Between the furious action and the romance, there is some
strong, even humorous accompanying action with strong
imagery. In one, Dorie Miller (Cuba Gooding, Jr.) pummels a
fighter in the boxing ring while implicitly pointing out the
discrimination that blacks faced during that war. Wanting
nothing more than to man a gun, he is relegated to the
kitchen as one of his ship's cooks. As Col. James H.

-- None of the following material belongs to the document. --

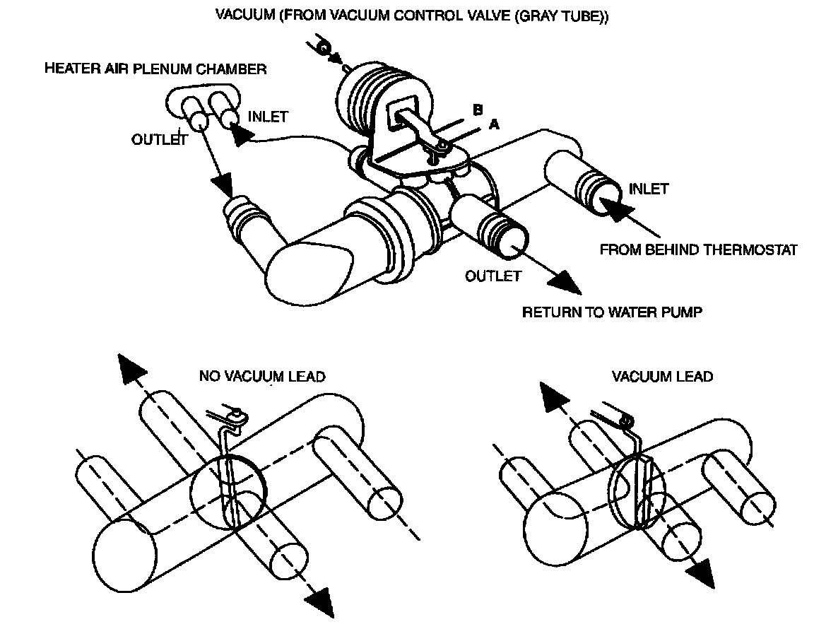 - If vacuum at port A appears in MAX A/C mode but rod position is not correct, replace the water control valve.
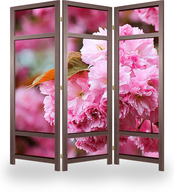Описание ширмы Вишнёвое дерево. Ещё прохладны дни и ночи, но деревья уже украсили себя нежнейшими розовыми лепестками. Кажется, что ты попал в Японию во время празника сакуры и вот, через пару секунд, из-за деревьев появится парочка гейш в красивых кимоно...

Doolittle, Alec Baldwin serves to inspire his men to go on a
suicide mission designed to raise the morale of the America
people after the disaster of Pearl Harbor. On the Japanese
side, Mako turns in a strong performance as Admiral Isoroku
Yamamoto, who directs the attack on Pearl Harbor together
with Commander Minoru Genda (Cary-Hiroyuki Tagawa),
planning the campaign for several weeks in advance while
incredibly managing to keep the Americans clueless about his
mission and flaying about in an attempt to guess where the
Japanese would inevitably strike.
Jon Voight inhabits the role of the wheelchair-bound
President F.D. Roosevelt splendidly, showing genuine
emotion at the losses suffered at Pearl Harbor, and recreating
the opening to his dramatic address to the U.S. Congress one
day after the Pearl Harbor attack. Josh Hartnett and Ben
Affleck are fine as best buddies who have a serious falling out
over a woman, with the lovely British actress Kate Beckinsale,
hair makeup always in place even while racing about the
hospital in search of morphine or getting it on inside a
parachute with Josh Hartnett, is a perfect icon for the
excellent work done by women who administer to the
wounded and even fall themselves in the heat of battle.
Fine performances aside--bogged down by Randall
Wallace's mushy and hackneyed dialogue, drowned out by
Bob Badami's bullying beat, and intimidated by Mr. Kaminski's
ever-soaring and descending camera, "Pearl Harbor" ends a
victim of the sort of over-production that motivates producers
and directors who believe that a mass audience must be
afflicted with attention-deficit disorder.